Hospitals to be an industry under Ayushman Bharat

The present government has announced plans to make hospitals into an “industry” under the Ayushman Bharat health insurance scheme and also give help to private hospitals such as land and funding. The government has issued broad guidelines for private investments into setting up hospitals in Tier 2 and Tier 3 cities. Three categories of hospitals have been defined under these guidelines:

  • Model I: Doctor owner (30-50 beds)
  • Model II: Doctor manager partnership-Multispecialty (100 beds)
  • Model III: Multispecialty (100 or more beds)

The government will incentivise setting up of private hospitals like allotting unencumbered land to private hospitals on lease or through bidding, providing funding for projects which are deemed unviable by the private sector and speeding up clearances through special windows with specific timelines, compulsory empanelment of the hospitals for PMJAY and other Government schemes and ensure timely payments for services.

In order for the government to provide this funding to private hospitals under ‘Viability Gap Funding’ (VGF), the hospitals would now be classified as an “industry”.

VGF is essentially a capital subsidy, which the government can provide to project bidders and often, the bidder who asks for the lowest gap funding may clinch the project.
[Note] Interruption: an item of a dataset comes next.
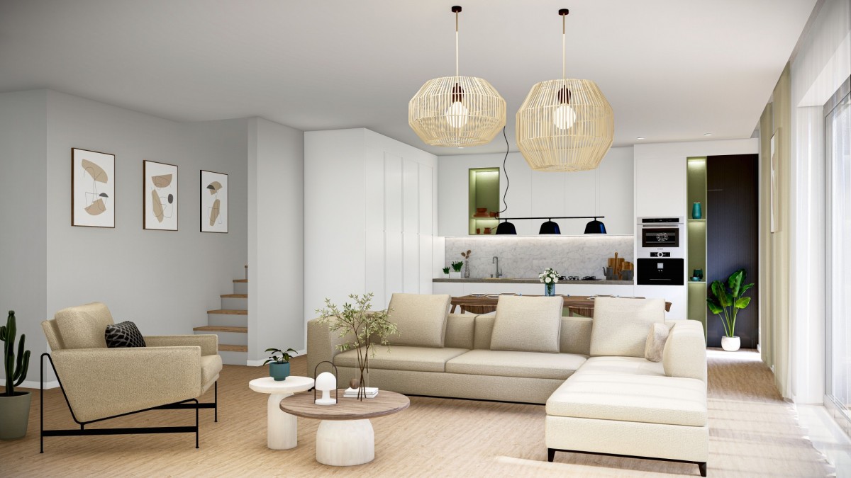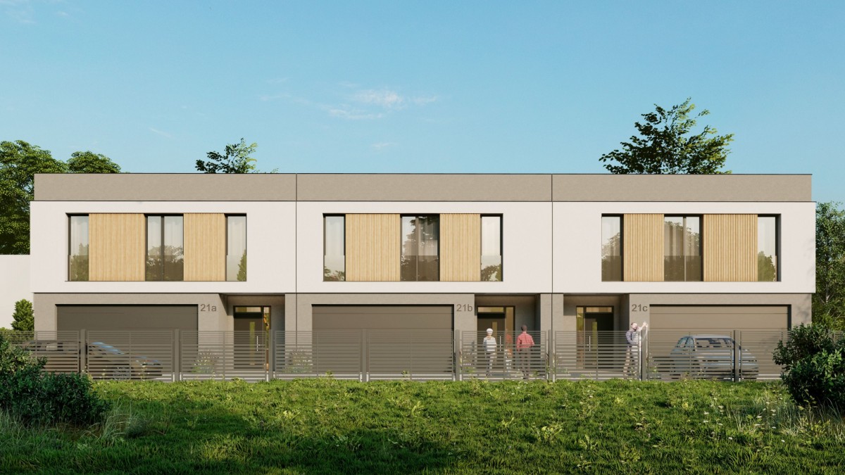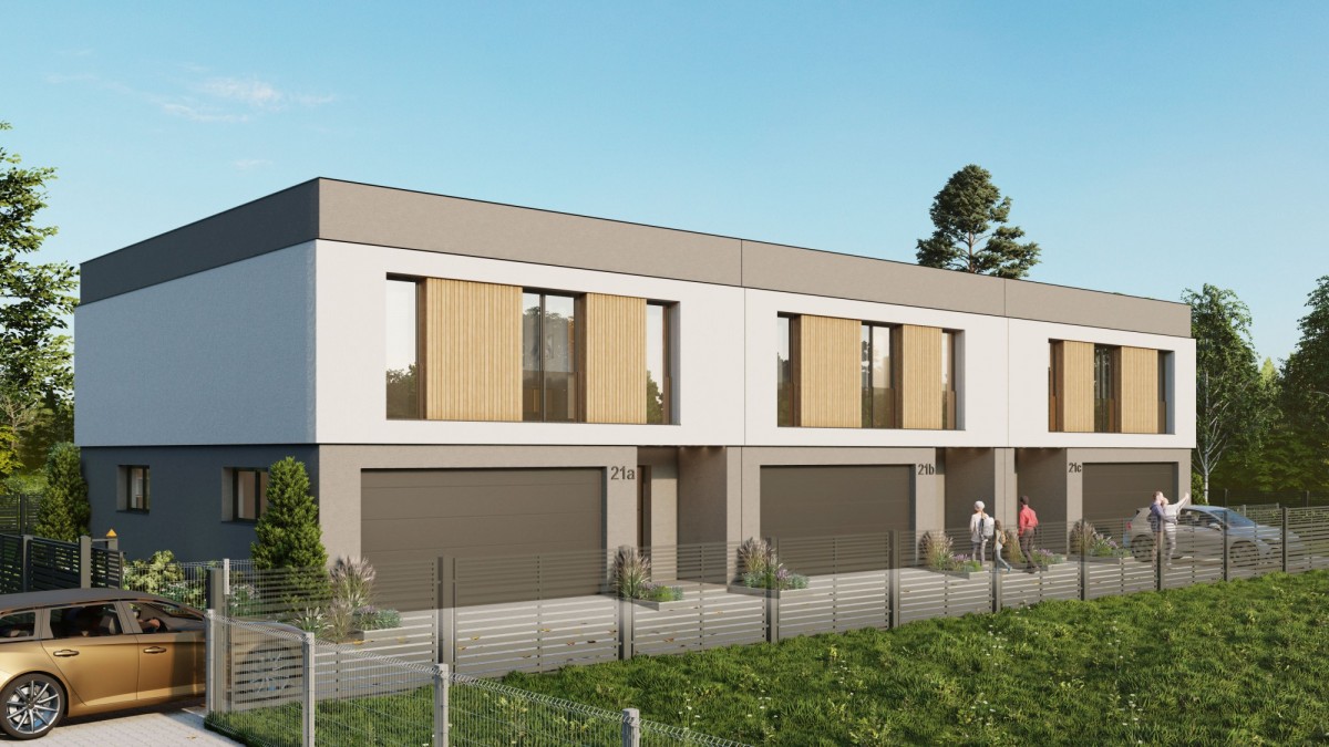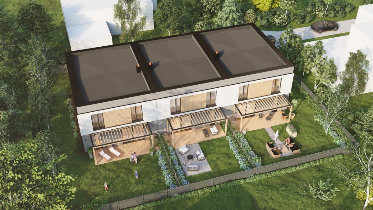 Nowoczesny segment w zabudowie szeregowej (budynek skrajny na odrębnej działce plus udziały w drodze wewnętrznej), w centrum Józefosławia k/Warszawy, w otulinie Lasu Kabackiego.

The government will provide VGF for private hospitals up to 40% of the total cost of the project, and will also provide gap funding of up to 50% of tax on capital cost.

The private sector has the responsibility to “build, design, finance, manage, operate and maintain with quality standards” these hospitals.

In November last year, the Centre sent a note to all states asking them to sanction loans at agricultural rates of interest and provide electricity at residential rates, to these private hospitals. They want private hospitals to come up in Tier 2 and Tier 3 cities.

In July, the NITI Aayog proposed a model to all states to privatise urban health care – offering private players the chance to capture beds and patients who come to government district hospitals – for the treatment of non-communicable diseases. Private players were being offered this access for a 30 year lease.

The NITI Aayog has also framed guidelines for this PPP model in district hospitals.

So far, private hospitals and medical colleges have worked largely on a “trust model”, wherein a trust owns the hospital or a company manages the hospital via the trust.